# Building a Data-Driven Workflow for a Municipal Transit Planner

A municipal transit planner spends less time drawing lines on maps than most people assume. The real work is reconciling service goals, vehicle availability, labor rules, street constraints, ridership patterns, and political commitments into schedules that can actually be operated. A good planning workflow treats every route change as a testable hypothesis, not just a cartographic edit.

## Start With Operational Data

The practical baseline is usually GTFS, automatic vehicle location data, passenger counts, and stop-level dwell observations. GTFS tells us what the agency intended to operate, while AVL and APC data show what riders and operators actually experienced. Comparing scheduled travel time against observed travel time by segment is often the fastest way to find where reliability is being lost.

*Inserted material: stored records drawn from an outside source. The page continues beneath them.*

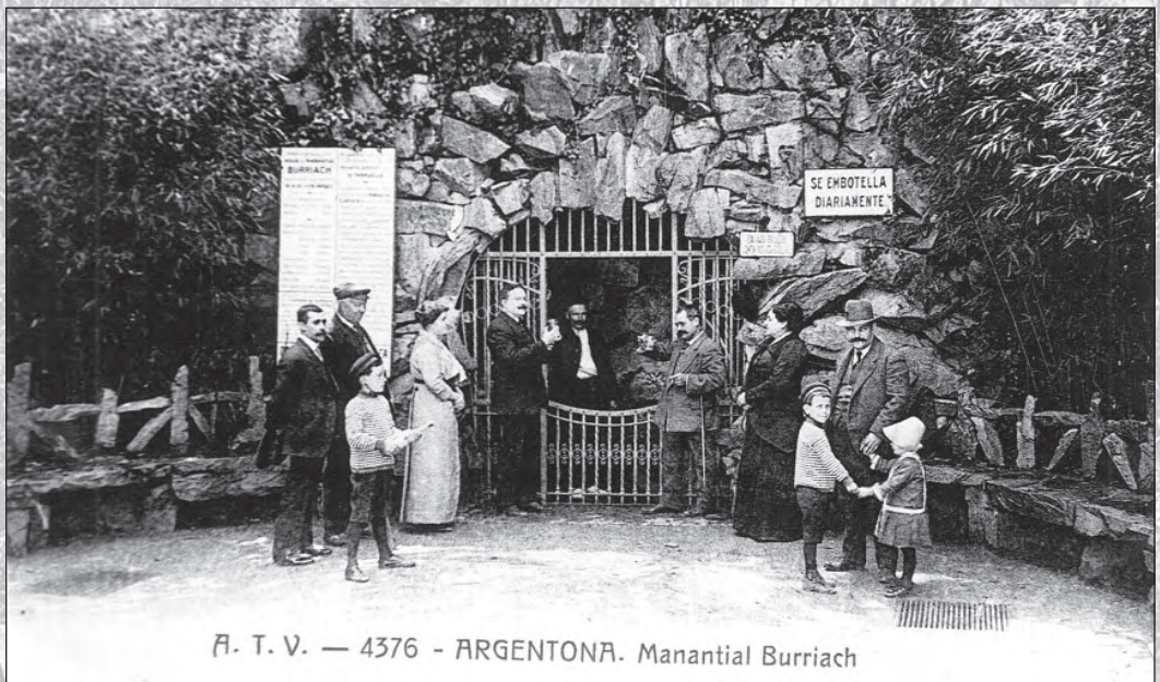
A. T. V. — 4376 - ARGENTONA. Manantial Burriach
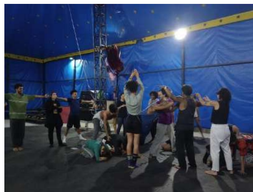
FOLIA, out 2023
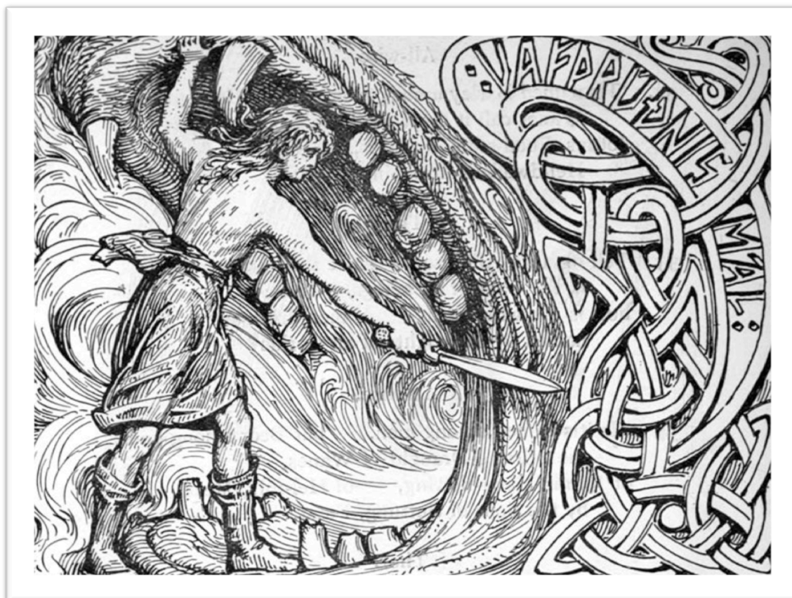
Vidar combattant Fenrir, W. G. Collingwood, 1908

Malgré tous les efforts des dieux d'Asgaard, le combat final, Ragnarök 85 , va tout de même se produire. Après quatre hivers particulièrement effroyables, sans été pour équilibrer les choses, le loup Skol réussit à atteindre et à dévorer Sol, entraînant la disparition de la chaleur et de la lumière, tandis qu'Hati dévore la Lune, faisant disparaître la clarté et la beauté. Les hommes souffrent et leur nombre se réduit rapidement. Les étoiles disparaissent à leur tour, comme dévorées par des fauves. Cela cause bientôt des tremblements de terre violents,
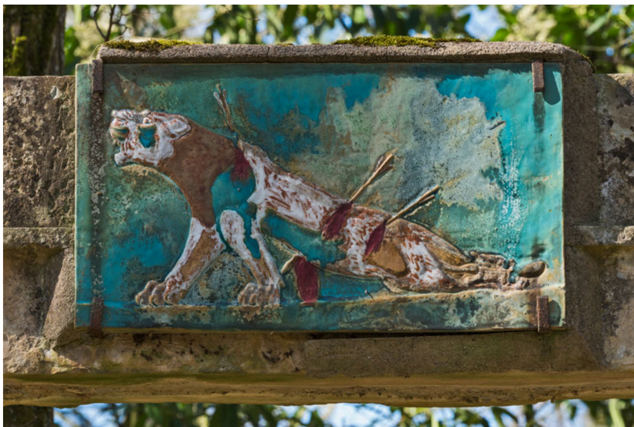
Plaque en céramique : La Lionne blessée, d'après un relief assyrien.

## Model Service Changes Explicitly

For each proposed change, the planner should define the assumptions in a versioned configuration file. This keeps scenario work reproducible and makes it easier to explain why one proposal requires more buses than another.

```yaml
scenario: "route_12_peak_frequency"
route_id: "12"
headway_minutes:
  weekday_peak: 10
  weekday_base: 20
layover_percent: 12
minimum_recovery_minutes: 6
fleet_buffer_percent: 8
```

## Validate Against Real Constraints

The model needs to account for cycle time, recovery time, pull-in and pull-out time, operator relief points, and terminal capacity. A frequency improvement that looks affordable in a spreadsheet can fail if the terminal only has space for two buses or if the proposed layover location conflicts with curb regulations. This is where transit planning becomes an engineering problem as much as a policy problem.

## Communicate Tradeoffs Clearly

The final output should not just be a map. Decision-makers need to see frequency, span, fleet requirement, operating cost, expected passenger impact, and reliability risk side by side. A municipal transit planner earns trust by showing the tradeoffs plainly: more coverage may mean less frequency, faster trips may mean longer walks, and better reliability often requires service hours that are invisible to riders but essential to operations.